Your objective.
The listing that follows must be retyped exactly, without its pictures.

Data shown.
--------
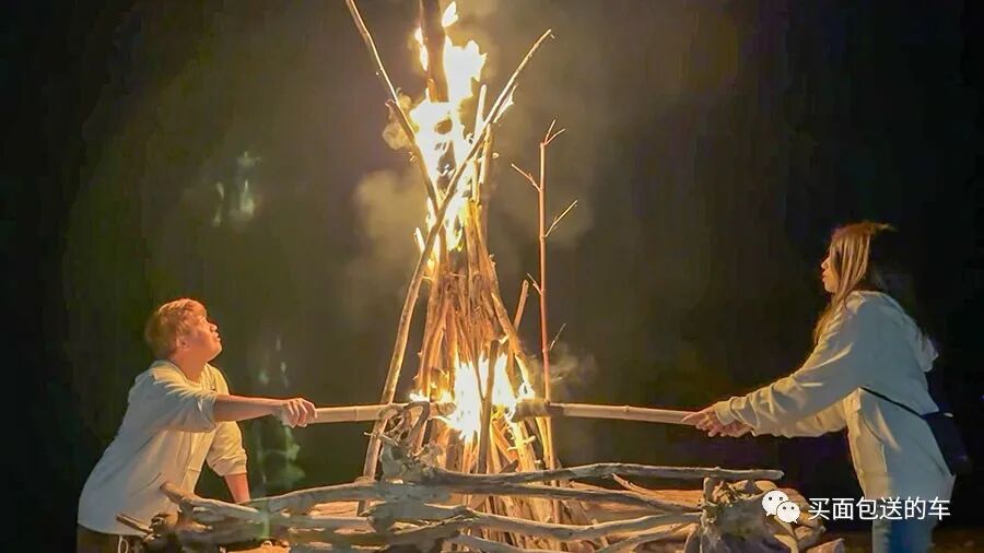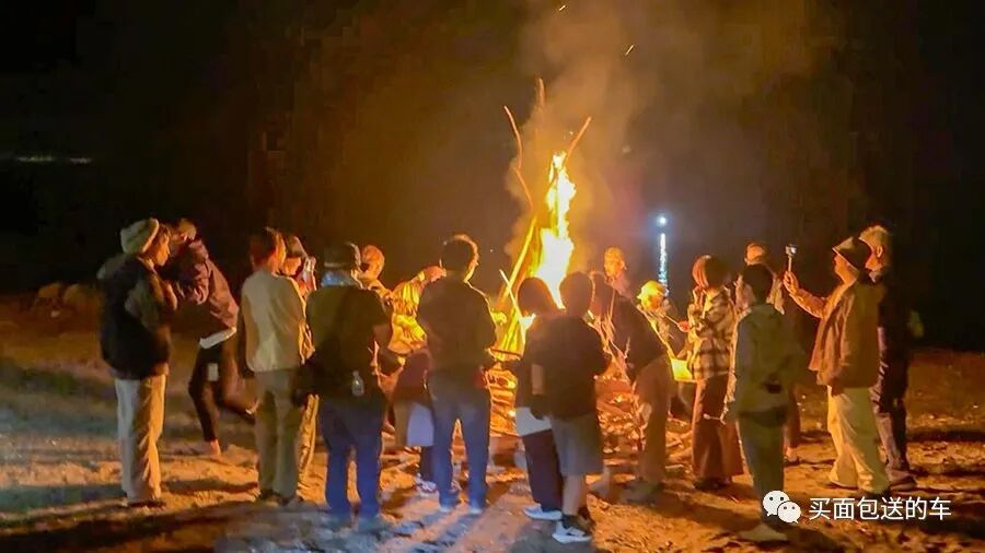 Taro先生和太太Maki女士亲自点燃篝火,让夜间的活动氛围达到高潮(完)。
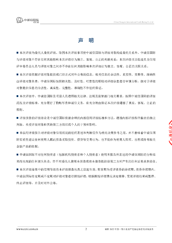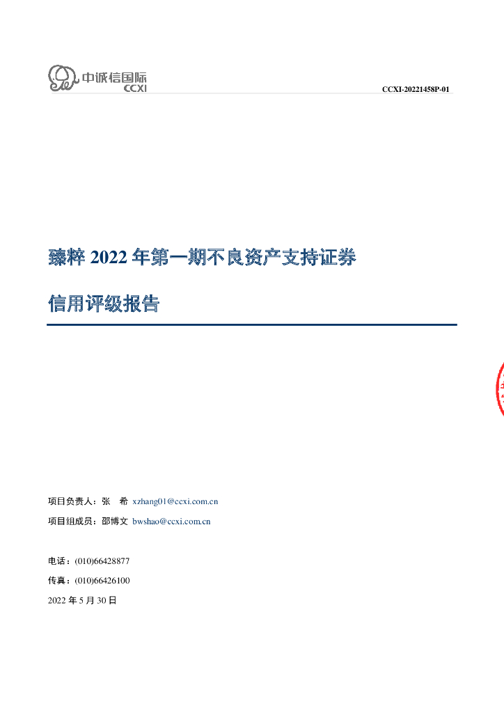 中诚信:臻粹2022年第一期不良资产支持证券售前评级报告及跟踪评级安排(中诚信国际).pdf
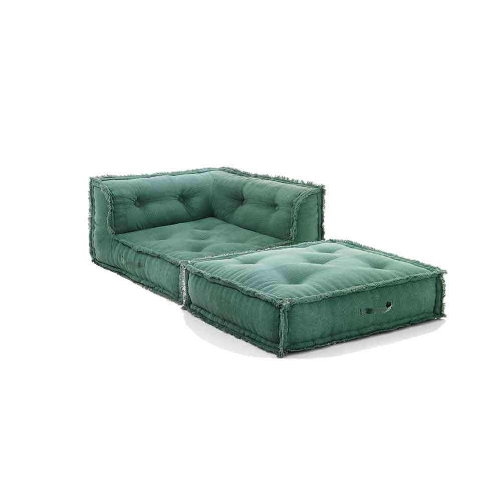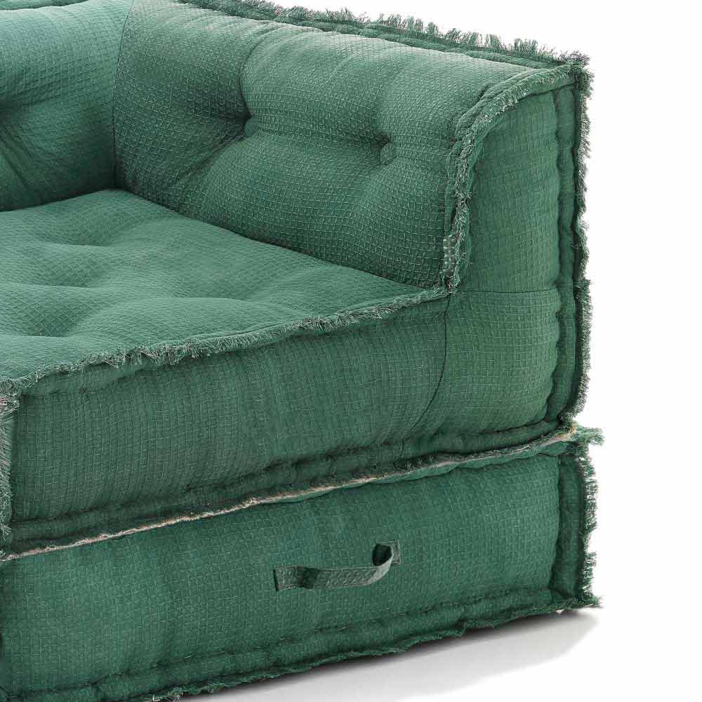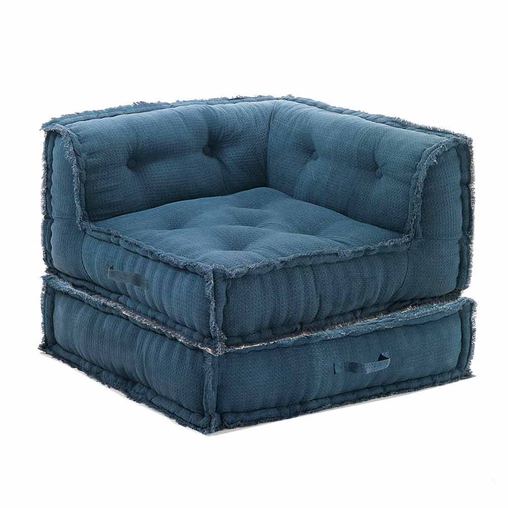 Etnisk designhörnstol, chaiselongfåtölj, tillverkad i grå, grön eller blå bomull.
--------
Answer.
 Taro先生和太太Maki女士亲自点燃篝火,让夜间的活动氛围达到高潮(完)。
 中诚信:臻粹2022年第一期不良资产支持证券售前评级报告及跟踪评级安排(中诚信国际).pdf
 Etnisk designhörnstol, chaiselongfåtölj, tillverkad i grå, grön eller blå bomull.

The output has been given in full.